The CLI can be used with 4 different inputs.

1. A single PDB ID can be supplied.
```bash
python porate 4JPN
```
2. A batch of PDB IDs can be supplied in a text file, one per line.
```bash
python porate <path-to-my-text-file>
```
3. A local PDB file can be supplied.
```bash
python porate <path-to-my-file>
```
4. A batch of PDB files from a directory can be supplied.
```bash
python porate <path-to-my-dir-of-PDBs>
```

### Flags
`resolution` the length of the sides of the voxels constructed.  3 Angstroms is the default.  Smaller values
will result in higher resolution structures but will take longer to annotate.

`non-protein` should non-protein atoms be kept as part of the structure?  False by default which means the structure is
cleaned of explicit waters, salts, ligands, etc.. leaving only protein atoms (both natural and non-natural).

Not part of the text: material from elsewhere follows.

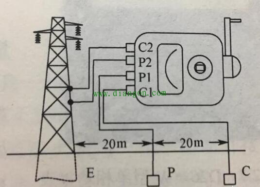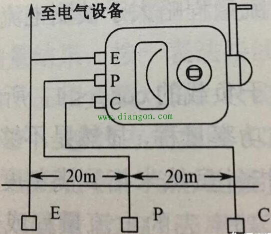 2.接地摇表的接线:首先在距离被测接地极E40米处将电流探针C插入土壤深度约40cm,再将电位探针P插在被测接地极E和电流探针C中间,三者成一直线且彼此相距20米。最后用导线将E与仪表E端钮相接,电位探针P与仪表的P端相接,电流探针C与仪表C端相连接。如下图: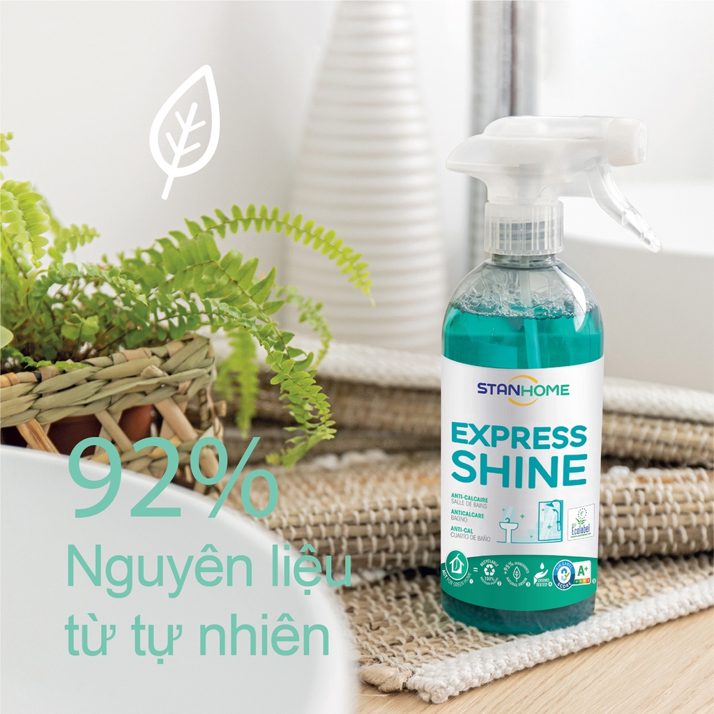 Express shine Stanhome - Xịt tẩy cặn canxi, nước cứng cho mọi bề mặt trong nhà tắm. Sản phẩm đạt chứng nhận Air label Score chỉ số A+, tốt cho không khí trong nhà và bảo vệ sức khoẻ và đạt chứng nhân Eu Ecolabel hiệu quả cao, an toàn cho sức khoẻ và bảo vệ môi trường. Với 95% nguyên liệu từ tự nhiên, công thức an toàn cho sức khoẻ. Bao bì tái chế dễ dàng cho NGÔI NHÀ THÊM SẠCH, HÀNH TINH THÊM XANH. Sản phẩm được nhập khẩu từ Pháp, sản xuất và lưu hành nội địa tại Pháp.

`jobs` how many threads to use for computation.  This only applies when multiple PDBs are being annotated in which
case they are trivially paralellized across threads.

## Python Package Usage
PENDING DOCUMENTATION


# How It Works
`Porate` identifies hydrated volumes in a protein structure that are not fully solvent exposed, e.g. a binding pocket.
It then computes the volume and dimensions of these volumes and outputs that information along with an annotated 
version of the input PDB showing where the volumes are (which can be visualized in e.g. Pymol).

## Identifying hydrated volumes
1. A large voxel-grid is built around the atoms of the protein or other structure supplied.
2. All voxels within a van der Waals radius of a protein or other atom is flagged as being `non-solvent`
3. Remaining `solvent` atoms are then broken into two groups: `bulk solvent` and `occluded volumes`
   This is done by tracing a vector along each ordinal axis from a given voxel and if 2 or more of these vectors would
   cross a `non-solvent` voxel, then the query voxel is identified as an `occluded volume` to be further analyzed
   otherwise it is considered `bulk solvent`
   The intention is to identify points on the grid that are outside the protein as `bulk solvent`
4. All `occluded volume` voxels are then grouped into a number of continuous volumes
5. For each continous volume the number of distinct surfaces that contact `bulk solvent` voxels is computed and used
   to indicate the volume type:
   0 surfaces interacting with solvent: cavity
   1 surface interacting with solvent: pocket
   2 surfaces interacting with solvent: pore
   3+ surfaces interacting with solvent: hub

## Annotations

### Pandas DataFrame
Annotations are given as a pandas data frame saved as a .json file.  The annotation lists all hydrated volumes ordered by
total volume, giving the type of volume, and dimensions.

### PDB File
The input PDB file will be annotated by adding `atoms` to represent the hydrated volumes.  The ATOM entries
contain several points of information about the volume from which they come:

Type of volume: the residue name encodes the type of volume in 3-letter code
OCC for occluded
CAV for cavity
POK for pocket
POR for pore
HUB for hub

Surface of the hydrated volume that interacts with bulk solvent: this is indicated by a B-factor of 50.0, whereas
the remainder of the volume (that does not interact with the bulk solvent) has a value of 0.0.

All `atoms` of a particular volume are grouped under the same residue number.

Finally, several remarks are added:
At the beginning of the file the rotation and translation matrices used to transform the input before voxelization are given.
At the end of the file including the resolution used for the analysis, as well as the total volume and dimensions of significant volumes.